それからしばらく、いつもと変わらない毎日が続いていた。
少しずつ春が近づいている。
最近は、プランターの一つや二つ玄関先に置いてある家が多い。
寒さに強いと言うビオラが咲き、チューリップは芽を出している。
遅咲きのシクラメンは日当たりの良い出窓で自慢げにその花を咲かせている。
街を歩く人たちはコートをあまり着なくなった。
洋服の色も黒・茶というものから明るい色のものに変わってきた。
一枚一枚脱ぎ捨てるたびに身体が軽くなっているように感じられる。
そんなある日、仕事の打ち合わせの帰り道、尚は偶然すれ違った悦子に声をかけられ振り返った。
「山村さん。」
「あ~、悦ちゃん。
こんなところで会うなんて驚いたな。」
「久しぶりですね。
少し時間ありますか?」
悦子が尚に聞く。
「うん。
あとは事務所に戻るだけだから。」
「この前。麻衣に会いました。
二人とも仕事、忙しそうですね。
麻衣は最近書き続けてるって何かで読んだけど、彼女、元気にしていますか?」
「元気だよ。
仕事に生きがいを感じているみたいだ。」
尚はそう答えた。
・・平和な人ね~。
悦子は麻衣の心のずっと奥の思いに気づいていない尚にひどく腹が立った。
麻衣が書いている本当の意味をこの人は何も理解していない。
あなたとの距離を感じることが怖くて、他のことに気持ちを向けているのに。
本当は尚に向かって言ってやりたいことは山のようにあった。
それでも悦子は何とか自分を黙らせた。
せっかく麻衣が格好つけた最後の大芝居を邪魔したくないと思ったから。
「俺たち、多分、別れることになると思うんだ。

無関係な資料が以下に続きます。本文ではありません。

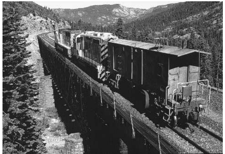
This view will probably never be repeated. Near Shed 10 UP 4167 West pulls our WP GP20 2001 and an ex-SP flanger towards Roseville on Sept. 11, 2000.

To preserve and interpret the history of the WP, the "Willing People" as a vital link in the development of the rail industry on the West Coast, including the steam and diesel evolution, WP's influence in the passenger tourism industry, the impact of freight competition between neighboring railroads. WP's influence in the lumber, mining and agriculture industry from Plumas County throughout California, Nevada and Utah

」
尚が残念そうに言う。
「そうですか。」
悦子はそう言った。
「悦ちゃんは驚かないんだね。
麻衣に聞いてたの?」
「そこまではっきりしたことを聞いたわけじゃないんです。
ただ、前のようにはなれないって言ってました。
まさか、そんな意味だったとは思いませんでした。」
「こんなことになって、俺としても残念なんだ。」
悦子には、尚のその言葉の意味が理解できないでいた。
「山村さん、麻衣に書いたものを読んだことがありますか・」
「いや、まだ一度も無いんだ。
俺も忙しくて読む時間がないこともあるんだけど、麻衣は読んでほしくないんじゃないかな。
一度も読んでみて、とか言われたこと無いから。」
「そうですか・・。
私は全部読んでいます。
麻衣の心が見えるから。」
少し偉そうに言ってしまったように感じたけど、気が付いて欲しいと思った。